* [Exercise brief]
Nothing but the text should be carried over: reproduce all the data exactly and leave out every image.

* [Recorded information]
::::::::::
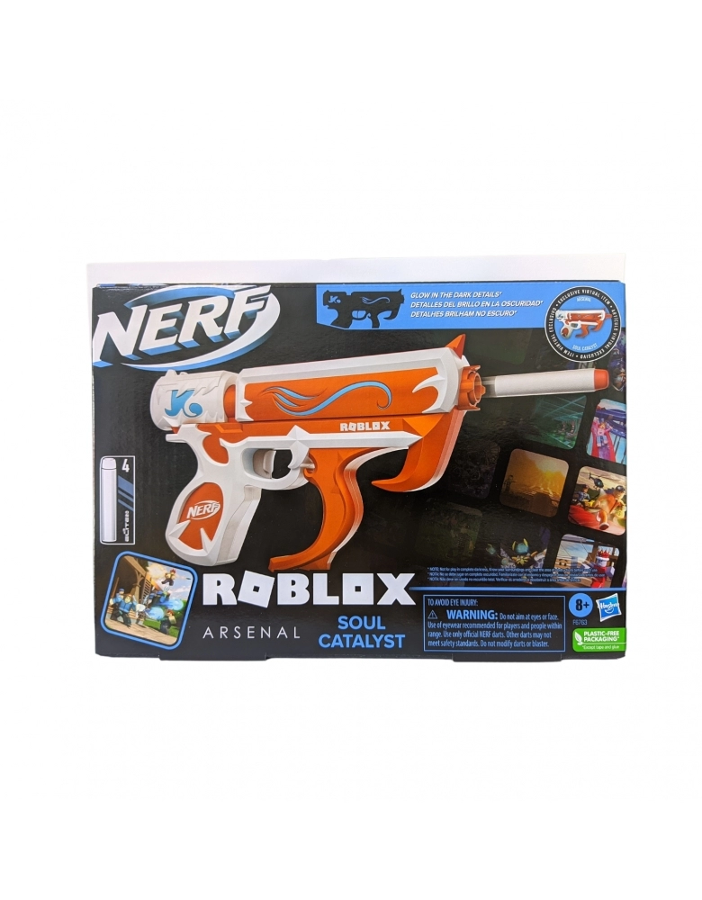 Este blaster Nerf Roblox Arsenal: Soul Catalyst tem inspiração na experiência Roblox Arsenal by ROLVe Community! Este lançador inclui um código especial que permite resgatar um item virtual exclusivo no Roblox.* O lançador Soul Catalyst apresenta facilidade na hora de atirar para lançar dardos em emocionantes jogos ao ar livre. Basta puxar o slide para trás e soltá-lo, permitindo que o slide volte sozinho. Puxe o gatilho e deixe o dardo voar em jogos ao ar livre! Detalhes legais de brilho no escuro** no lançador adicionam um visual incrível aos seus jogos Nerf. O blaster tem capacidade de dardo único e fácil carregamento frontal. Ele vem com 4 dardos de espuma Nerf oficiais. Lance-se em batalhas Nerf com o Nerf Roblox Arsenal: Soul Catalyst para jogar ao ar livre! Óculos recomendados (não incluídos). Copyright 2023 Roblox Corp. ROBLOX é uma marca registrada. Todos os direitos reservados. Hasbro e todos os termos relacionados são marcas comerciais da Hasbro.
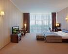 Гостиница располагает собственным галечным пляжем, к которому ведет частная канатная дорога. Инфраструктура пляжной зоны – бассейн с морской водой, джакузи, детский лягушатник и игровая площадка, шезлонги с матрасами, навесы от солнца, собственный причал.
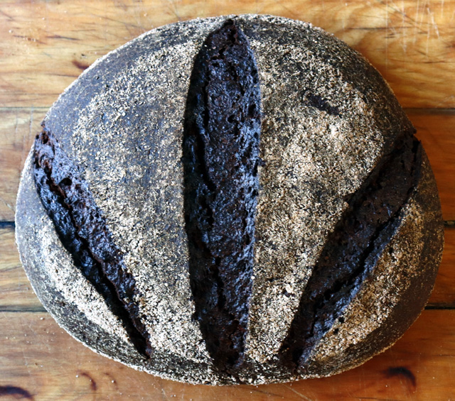 Usual routine, hand mix, 3 x 10 kneads with 5 minute rests, 4 hours fermentation with folds at hourly intervals. Shape, 3½ hours prove in basket. Baked in the Pico 50 minutes, 250C top 220C bottom, steam for 15 minutes. In a convection oven I would have given it a straight 50 minutes at 210C.
::::::::::
* [Answer to this exercise]
 Este blaster Nerf Roblox Arsenal: Soul Catalyst tem inspiração na experiência Roblox Arsenal by ROLVe Community! Este lançador inclui um código especial que permite resgatar um item virtual exclusivo no Roblox.* O lançador Soul Catalyst apresenta facilidade na hora de atirar para lançar dardos em emocionantes jogos ao ar livre. Basta puxar o slide para trás e soltá-lo, permitindo que o slide volte sozinho. Puxe o gatilho e deixe o dardo voar em jogos ao ar livre! Detalhes legais de brilho no escuro** no lançador adicionam um visual incrível aos seus jogos Nerf. O blaster tem capacidade de dardo único e fácil carregamento frontal. Ele vem com 4 dardos de espuma Nerf oficiais. Lance-se em batalhas Nerf com o Nerf Roblox Arsenal: Soul Catalyst para jogar ao ar livre! Óculos recomendados (não incluídos). Copyright 2023 Roblox Corp. ROBLOX é uma marca registrada. Todos os direitos reservados. Hasbro e todos os termos relacionados são marcas comerciais da Hasbro.
 Гостиница располагает собственным галечным пляжем, к которому ведет частная канатная дорога. Инфраструктура пляжной зоны – бассейн с морской водой, джакузи, детский лягушатник и игровая площадка, шезлонги с матрасами, навесы от солнца, собственный причал.
 Usual routine, hand mix, 3 x 10 kneads with 5 minute rests, 4 hours fermentation with folds at hourly intervals. Shape, 3½ hours prove in basket. Baked in the Pico 50 minutes, 250C top 220C bottom, steam for 15 minutes. In a convection oven I would have given it a straight 50 minutes at 210C.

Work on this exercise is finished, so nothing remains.